MarketPulse

Slow start for live cattle despite Indonesian market resilience

Written by Jamie-Lee Oldfield | May 13, 2026

Cattle live export numbers showed improvement in April as expected, rising above the five-year-average for the month, but year-to-date numbers are still at one of the lowest points they have sat in at least the past 25 years. Demand from Indonesia, the primary market, ramped up significantly last month, and that destination’s market share for the year so far has also increased, now sitting at 77%. However, while supply is said to be ample once cattle are accessible in the north, headwinds remain, with slaughter cattle price caps in Indonesia and the rising price of fuel likely to start to flow through.

Figures first, and total live cattle exports out of Australia rose above the five-year average for the first time this year in April, with the 65,755 head 11% more than the short-term figure. April exports were still 20% below the same month in 2025 though and only brought year-to-date total exported cattle numbers to just shy of 160,000 head. Comparatively, at the same time last year there were nearly 206,00 head already exported. If we look back over the past 10 years, the lowest year-to-date number was 2022 (164,000) and that year-end figure was 44% below the longer-term average.

Market specifically, Indonesia remains the main destination for live cattle.
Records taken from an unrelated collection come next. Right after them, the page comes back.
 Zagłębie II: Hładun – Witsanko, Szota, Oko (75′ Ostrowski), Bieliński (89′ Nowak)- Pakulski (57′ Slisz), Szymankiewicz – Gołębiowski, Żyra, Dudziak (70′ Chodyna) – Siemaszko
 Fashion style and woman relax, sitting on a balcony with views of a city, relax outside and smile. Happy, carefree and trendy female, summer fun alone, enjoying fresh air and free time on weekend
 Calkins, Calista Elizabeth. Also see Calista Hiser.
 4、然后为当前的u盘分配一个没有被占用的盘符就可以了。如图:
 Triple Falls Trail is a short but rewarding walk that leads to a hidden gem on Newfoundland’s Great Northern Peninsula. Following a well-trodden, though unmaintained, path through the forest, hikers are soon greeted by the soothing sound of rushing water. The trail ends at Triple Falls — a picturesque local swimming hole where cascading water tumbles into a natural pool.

In April, they imported 14% less cattle than the same month last year, but 24% more than the five-year-average for April. This is reflected in the year-to-date numbers, lower year-on-year, but still above the average, albeit by only 1%. Year-to-date numbers were also lower in 2022 as above (and 2023), the difference being the market share - Indonesian market share of Australia’s live cattle export trade for January to April in 2022 was 60%, compared to 77% this year - leaving little room for any other market, with the Philippines and ‘Other’ the only two destinations registering over 3%.
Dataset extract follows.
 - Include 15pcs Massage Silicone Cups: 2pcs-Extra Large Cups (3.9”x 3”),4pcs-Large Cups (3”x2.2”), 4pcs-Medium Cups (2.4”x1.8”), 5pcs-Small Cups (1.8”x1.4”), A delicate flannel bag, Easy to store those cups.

A couple of reasons are being slated as behind the slow start. The 2025-26 northern Australian wet season has been ranked as the seventh wettest on record by the Bureau of Meteorology, with rainfall across the entire region 44% above average, which has impacted the ability of cattle to make it to ports. Not only has it delayed annual musters, but damage to roads is said to be widespread, especially in the Northern Territory. The other dampener has been a cap of the price Indonesian lot feeders can receive for slaughter weight cattle, which is reportedly about 40% lower than the cost of Australian feeder cattle so far this year. The cap was put in place to ensure the affordability of beef domestically during the Ramadan festival, but it doesn’t appear to have lifted it as of yet.

What does it mean?

The strength of the Indonesian demand in the face of price disparity is positive for the outlook of the trade in the coming months, especially if the price cap is lifted and/or Australian feeder prices dip on the back of more ample supply. While recent historical comparisons show it is difficult to make up the amount of lost ground in terms of numbers after such a slow start, the much-improved seasonal conditions could make a difference. Of course, the unknown currently is the conflict in the Middle East, and how that might impact the cost of trade moving forward as well.

The Bottom Line

  • Live cattle exports climb above the five-year average in April but remain historically low for the year-to-date.
  • Indonesian demand is still historically strong despite their domestic slaughter ready cattle price cap.
  • Implications of a big wet season hampering northern Australian cattle supply, but outlook positive for coming months.

Jamie-Lee Oldfield is a seasoned agri-media, communications professional and livestock market analyst who lives and works on a family-owned stud and commercial beef and sheep operation in Coolac, NSW.